We commend the Government’s work to date to introduce Education Mental Health Practitioners within school-based Mental Health Support Teams across the country, as well as the commitment to have a Mental Health Lead teacher in schools. We recommend that the Government review the training of these practitioners to ensure it includes spotting early signs of conditions related to body image issues. We ask the Government to provide us with a further update on their progress in introducing these roles and to set out the timeframe for establishing them in every school in England.”
Muscle Dysmorphia also received it’s own section with recommendations around steroid use:
“Another condition that has serious physical health implications is muscle dysmorphia, a subtype of BDD characterised by the preoccupation with the idea that one’s body is not sufficiently lean and muscular. Chris Bell and Dr Charlotte Kerner from Brunel University told us that what can appear to be simply a high drive for muscularity in men and women can result in several potentially deleterious health consequences such as dietary restraint and binge eating practices, depression, anxiety, low self-esteem, perfectionism and steroid/supplement use.

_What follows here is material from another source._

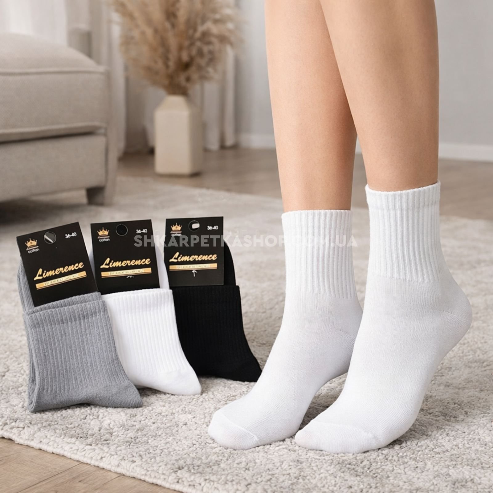 Шкарпетки Житомир "LIMERENCE LUX" 680-80 cotton /стрейч жіночі (Узбецька бавовна), р. 36-40 -асорті -(Теніс -середні LUX /однотонні з гумкою в рубчик -сірі /білі /чорні -жін.)

We recommend that the Department commissions a national review of the growing use of anabolic steroids in England as it relates to body image. We further recommend that the Department introduces a national awareness campaign around safe anabolic steroid use. This ought to be coordinated through existing steroid user support groups and targeted at areas of highest risk, such as gyms with a high proportion of body builders.”
In line with our Change.org petition the report also recommended the following legislation on social media:
“We call on the Government to work with advertisers to feature a wider variety of body aesthetics, and work with industry and the ASA to encourage advertisers and influencers not to doctor their images. We believe the Government should introduce legislation that ensures commercial images are labelled with a logo where any part of the body, including its proportions and skin tone, are digitally altered.”
In their conclusions and recommendations BDD is high on their list at No3:
“We urge the Department to ensure more is done to make the diagnosis and treatment of Body Dysmorphic Disorder (BDD) a priority. From a diagnostic perspective, we recommend that Health Education England update the IAPT (Improving Access to Psychological Therapies) and EMHP (Educational Mental Health Practitioner) curricula to make training in BDD compulsory for all mental health practitioners. The Government should ensure BDD is included in the PSHE (personal, social, health and economic) education curricula within the section on body image, to promote early detection and early intervention within schools. As well as improved diagnosis rates, suitable care for those living with BDD must be available. We recommend that BDD specialist practitioners are eventually embedded into the multidisciplinary teams in every new community model for adults severely affected by mental illness.”